◆ **EXERCISE INSTRUCTIONS**
The answer is all of the data repeated exactly, with each picture omitted.

◆ **SOURCE DATA**
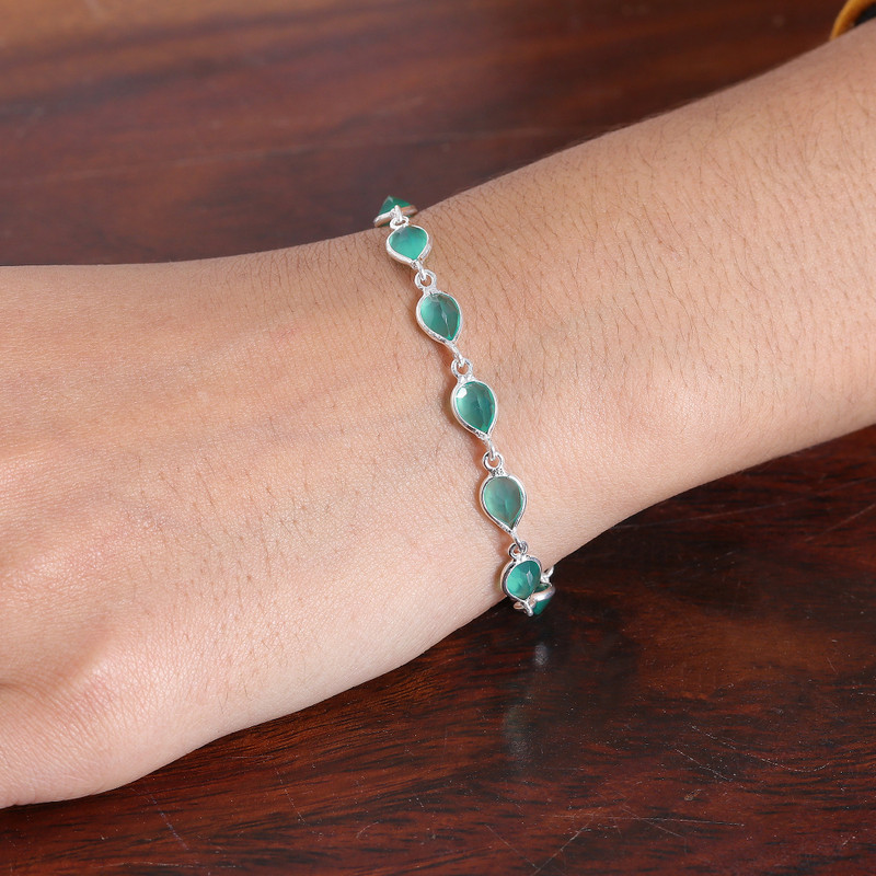 Energies of intellect, strength and discipline are attracted by the faceted onyx gems arranged in this superb creation presented by Bhavesh. Indian artisans, experts in jewelry and metalworking techniques, craft this enchanting link bracelet from sterling silver in a polished finish that enriches each of the green jewels, totaling nine carats.
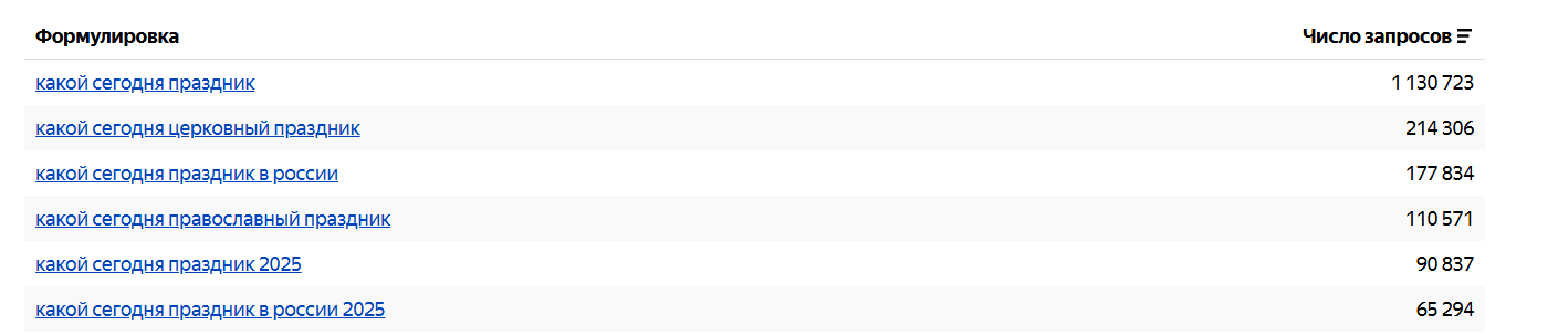 Спрос по таким запросам, как [#название праздника# + открытка] или [#название праздника# + поздравление] сильно зависит от сезонности, но это позволяет сформировать точный контент план на год. На примере праздника «День автомобилиста»:
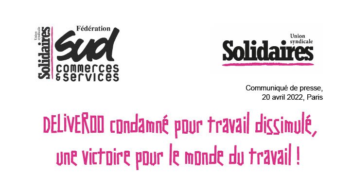 L’Union syndicale Solidaires, la Fédération SUD Commerces et Services, et SUD Commerces et Services IDF, parties civiles au côté de 116 livreurs/euses et d'autres syndicats, se félicitent de cette victoire, même si la condamnation financière est infime par rapport aux bénéfices de la plateforme (219 millions d’euros en France en 2021) et au nombre de coursiers régulièrement blessés, voire décédés en effectuant des livraisons pour elle.
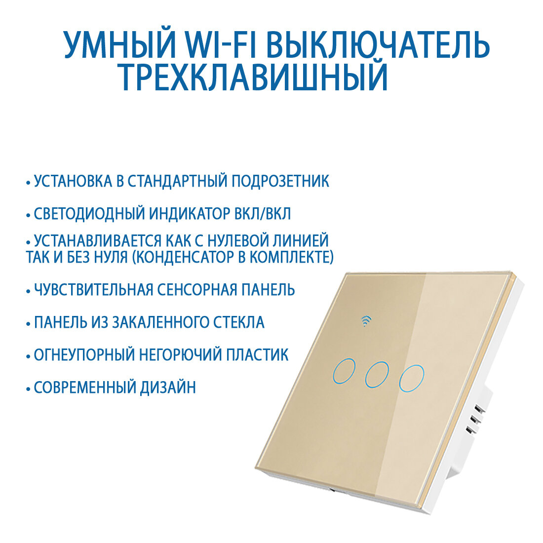 СохранитьУмный сенсорный трехклавишный Wi-Fi выключатель с Алисой, золотой интересное:
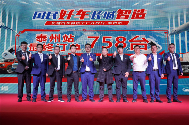 团购会上,泰州智慧工厂负责人、长城汽车领导为用户分享旗下智能科技成果,并针对用户青睐的明星车型,宣布优惠丰厚的团购权益政策,大力度放送长城对用户的服务诚意。最终,泰州工厂当日收获订单758台,喜人成绩印证了广大用户对长城汽车的支持与青睐。

◆ **WRITTEN ANSWER**
 Energies of intellect, strength and discipline are attracted by the faceted onyx gems arranged in this superb creation presented by Bhavesh. Indian artisans, experts in jewelry and metalworking techniques, craft this enchanting link bracelet from sterling silver in a polished finish that enriches each of the green jewels, totaling nine carats.
 Спрос по таким запросам, как [#название праздника# + открытка] или [#название праздника# + поздравление] сильно зависит от сезонности, но это позволяет сформировать точный контент план на год. На примере праздника «День автомобилиста»:
 L’Union syndicale Solidaires, la Fédération SUD Commerces et Services, et SUD Commerces et Services IDF, parties civiles au côté de 116 livreurs/euses et d'autres syndicats, se félicitent de cette victoire, même si la condamnation financière est infime par rapport aux bénéfices de la plateforme (219 millions d’euros en France en 2021) et au nombre de coursiers régulièrement blessés, voire décédés en effectuant des livraisons pour elle.
 СохранитьУмный сенсорный трехклавишный Wi-Fi выключатель с Алисой, золотой интересное:
 团购会上,泰州智慧工厂负责人、长城汽车领导为用户分享旗下智能科技成果,并针对用户青睐的明星车型,宣布优惠丰厚的团购权益政策,大力度放送长城对用户的服务诚意。最终,泰州工厂当日收获订单758台,喜人成绩印证了广大用户对长城汽车的支持与青睐。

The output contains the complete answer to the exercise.